肺の病気らしく、呼吸が時に苦しくなるとのこと。
でも今はもう治ったとおっしゃっていましたが、明かにこの前お会いしたときより痩せられていると感じました。
少し心配です。
今日のバルデンさんのお話を少しだけ以下に報告いたします。
刑務所の状況を訊ねると、
パルデンさん「私は1959年蜂起に参加したとして逮捕され、ラサのダプチ刑務所に入れられたわけだが、そのころダプチ刑務所だけで6000人のチベット人が政治犯として収容されていた。そのうち300人が女性だ。

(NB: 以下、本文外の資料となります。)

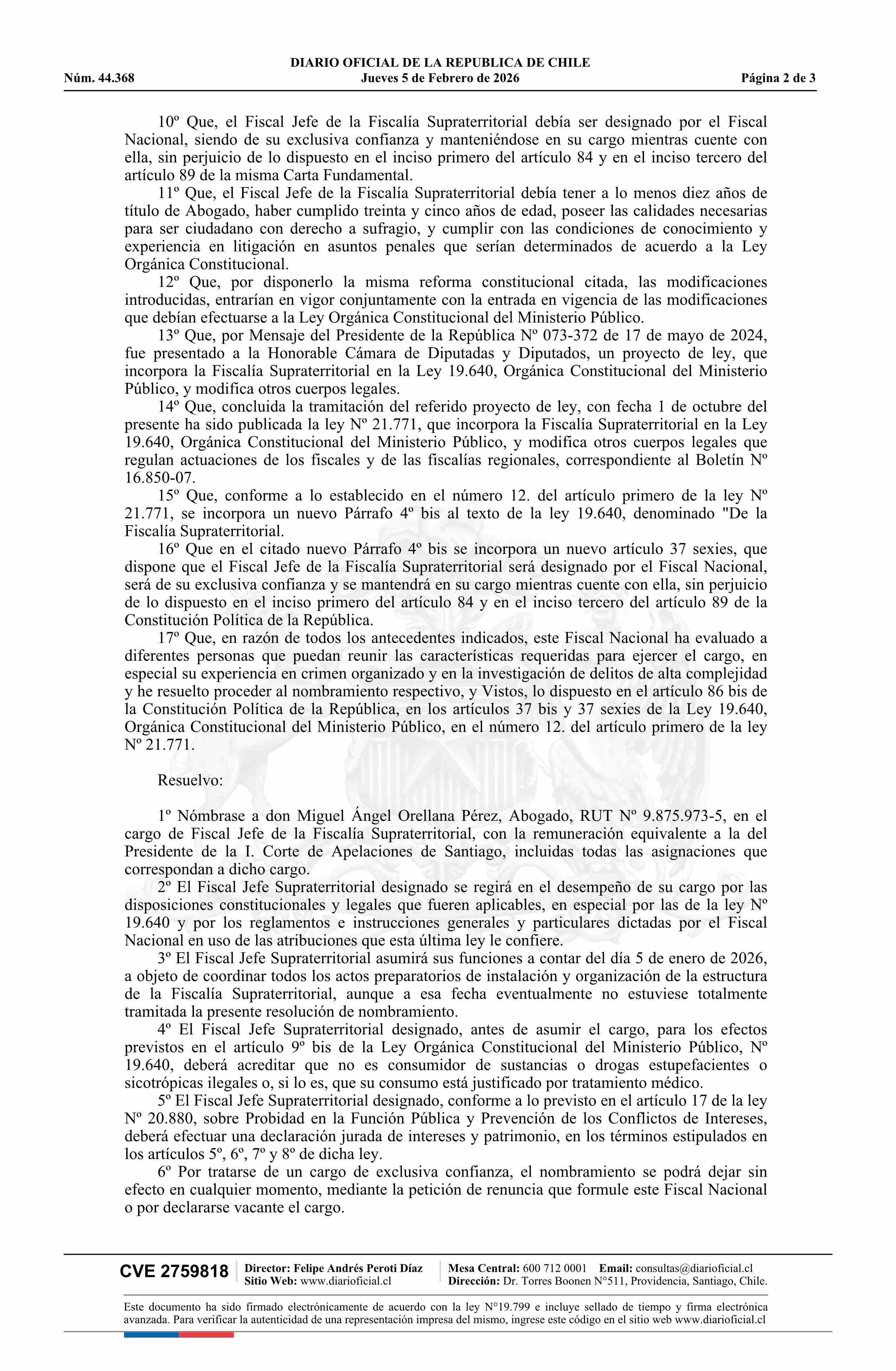Resolución número TR 3, de 2025.- Nombra a don Miguel Ángel Orellana Pérez en el cargo de Fiscal Jefe de la Fiscalía Supraterritorial 05-02-2026 Diario Oficial Edición Electrónica |

これはラサのダプチだけの話だが、シガツェ、ギャンツェ、チャムドその他チベット中の主だった町にはどこにも大きな刑務所があり沢山のチベット人が捕らえられていた。
60年になり、あまりに囚人が増え過ぎたので、多くの者が中国内地の刑務所に送られた。
チンヘというところへ1500人、チュチンへ1500人、レンドゥへ1500人送られた。その他チベット内のサムエ、コンボやカムの刑務所に送られたものもいる。

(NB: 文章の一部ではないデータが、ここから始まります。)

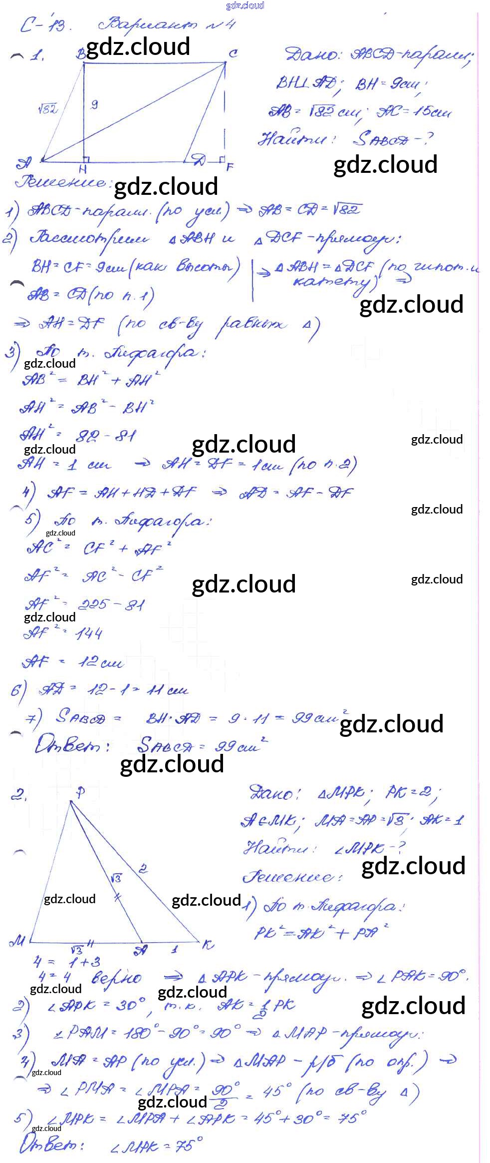 СР №13. Теорема Пифагора Ответы к Самостоятельным работам по Геометрии 8 класс Дидактические материалы Зив Просвещение

それでも、次々と所謂政治犯は逮捕され刑務所に送られてくる。80年代の初めまでダプチ刑務所の政治犯の数は4~5000人を下ったことはない。
チベット中が監獄だらけだった。
60年、61年、62年はひどい食糧難だった。普通の人だって沢山餓死したのだ、囚人に回す食糧などもちろんなかった。餓死しろと言うことだった。
その三年間で囚人の70%が餓死した。
62年には先に中国に送られた者たちが帰ってきたが、ある地区に送られた1500人の内300人しか帰って来なかった。後は皆死んだのだ。」
私「食事は実際どんなだったのか?」
パルデンさん左手の手のひらを上に向け、右手をその指の付け根に置いて「この先ほど(指先まで)のツァンパ。これを朝与えられる。夕方までそれしかない。それとコップ一杯のお茶を朝と昼、口にするだけだ。夕方には薄い薄いツァンパのスープが出る。中身はほとんど何もなく、塩も薄い。
私は外国などで話をするとき、いつもこうして餓死していった友人たちのことを思い出す。
<お前がもしも生きて監獄を出ることができたなら、一つ仕事をしてくれ、、、>と言って死んでいった。仕事とはその状況を人々に知らせることだ。」
私「もうお年だし、政治的活動はやめて仏教の修行、瞑想とかに時を過ごしたいと思ったりされないか?」
パルデンさん「自分たちは国を失った者たちだ。失った国を取り戻すために働かず、ただじっと瞑想しているのは、野良牛が寝てるようなものだ。今はインドにおいて貰っているが、いつまた追い出されるかもしれない。チベット人には国が要るのだ。
宗教と政治は別物だ。しかし、関係は深い。政治がダメなら宗教もダメだ。今のチベットに宗教の自由は無く、宗教は弾圧され、発展することはない。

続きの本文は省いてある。